PRIVATE CLOUD 106 is similar to public cloud 105, except that the computing resources are only available for use by a single enterprise. While private cloud 106 is depicted as being in communication with WAN 102, in other embodiments a private cloud may be disconnected from the internet entirely and only accessible through a local/private network. A hybrid cloud is a composition of multiple clouds of different types (for example, private, community or public cloud types), often respectively implemented by different vendors. Each of the multiple clouds remains a separate and discrete entity, but the larger hybrid cloud architecture is bound together by standardized or proprietary technology that enables orchestration, management, and/or data/application portability between the multiple constituent clouds. In this embodiment, public cloud 105 and private cloud 106 are both part of a larger hybrid cloud.
One or more embodiments of the invention, or elements thereof, can thus be implemented in the form of an apparatus including a memory and at least one processor that is coupled to the memory and operative to perform exemplary method steps.
It should be noted that any of the methods described herein can include an additional step of providing a system comprising distinct software modules embodied on a computer readable storage medium; the modules can include, for example, any or all of the appropriate elements depicted in the block diagrams and/or described herein; by way of example and not limitation, any one, some or all of the modules/blocks and or sub-modules/sub-blocks described. The method steps can then be carried out using the distinct software modules and/or sub-modules of the system, as described above, executing on one or more hardware processors. Further, a computer program product can include a computer-readable storage medium with code adapted to be implemented to carry out one or more method steps described herein, including the provision of the system with the distinct software modules.
One example of user interface that could be employed in some cases is hypertext markup language (HTML) code served out by a server or the like, to a browser of a computing device of a user. The HTML is parsed by the browser on the user's computing device to create a graphical user interface (GUI).
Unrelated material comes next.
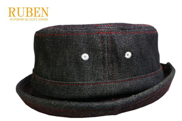 送料無料 RUBEN デニム ポークパイ ハット ロールアップ ブラック メンズ レディース 男女兼用 帽子 サイズ調整可能 フリーサイズ

The descriptions of the various embodiments of the present invention have been presented for purposes of illustration, but are not intended to be exhaustive or limited to the embodiments disclosed. Many modifications and variations will be apparent to those of ordinary skill in the art without departing from the scope and spirit of the described embodiments. The terminology used herein was chosen to best explain the principles of the embodiments, the practical application or technical improvement over technologies found in the marketplace, or to enable others of ordinary skill in the art to understand the embodiments disclosed herein.